There is some inherent difficulty at first when talking about existence of proper classes, and whether or not they are well-defined objects. In the case of $\sf ZFC$ and related theories, existence means "a set", but when we say that a class exists and it is well-defined, we mean to say that there is a definition which is provably giving us the function that we want. This is the case in your question.

But one can also work in class theories like $\sf KM$ (Kelley–Morse) or $\sf NBG$ (von Neumann–Godel–Bernays), and there the function assigning every set its cardinality is still a class function and not a set, but now it exists in "an internal way" as an object of the universe.

Solution 2:

The collection of all sets does not form a set in ZF(-style) set theory, indeed. Note that the same is true for the collection of all cardinals: there is no set containing all cardinals, because then its union would be a set as well, and it would be a greater cardinal than any of its elements.

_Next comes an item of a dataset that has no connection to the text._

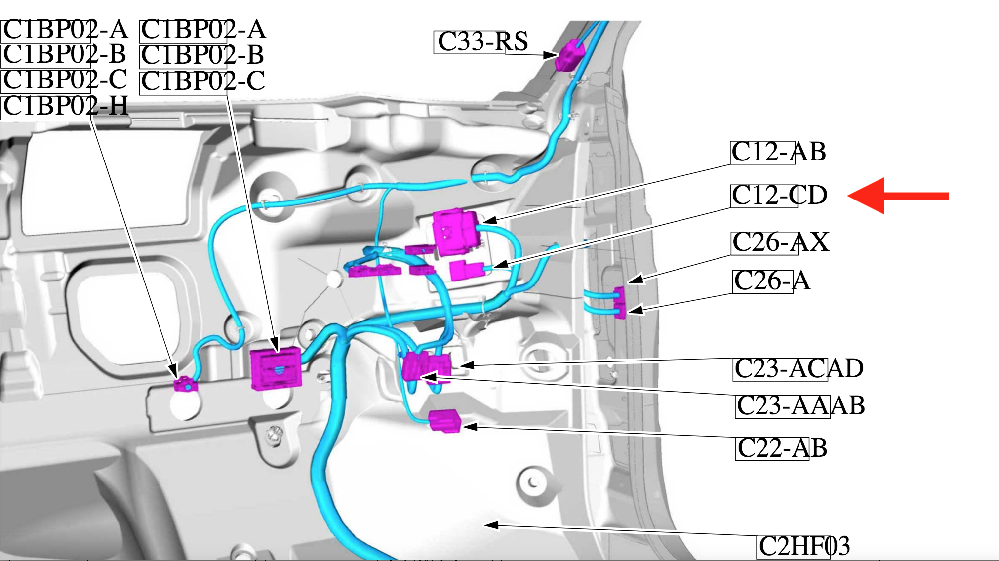 You search the first connection point for the wire for the F20 fuse

So the function $X \mapsto |X|$ is not a function internally to ZFC. However, it can be made a function externally: that is, there is a formula $\phi(x,y)$, in two free variables, which holds if and only if $y$ is the cardinality of $x$. For this formula, we can prove $\phi(x,y) \land \phi(x,y') \to y = y'$, and we can prove $\forall x \exists y \phi(x,y)$. Hence, if we want to, we can introduce a function symbol $\mathrm{Card}$ to the language of set theory, such that $\mathrm{Card}(x)$ is interpreted as the unique $y$ such that $\phi(x,y)$. This is fine for the purposes for which we want to use cardinality.

Note also that if you are looking at a more limited part of the universe of sets, say $V_\alpha$ for some ordinal $\alpha$, then the restriction of the meta-function $\mathrm{Card}$ to this set does form a set.

Solution 3:

Being equinumerous or bijective is an equivalence relation on sets: $x\equiv y$ iff there is a bijection $f:x\text{ onto }y$. The problem is to define a total set function (a proper class of course) $F$ satisfying $x\equiv y$ iff $F(x)=F(y)$.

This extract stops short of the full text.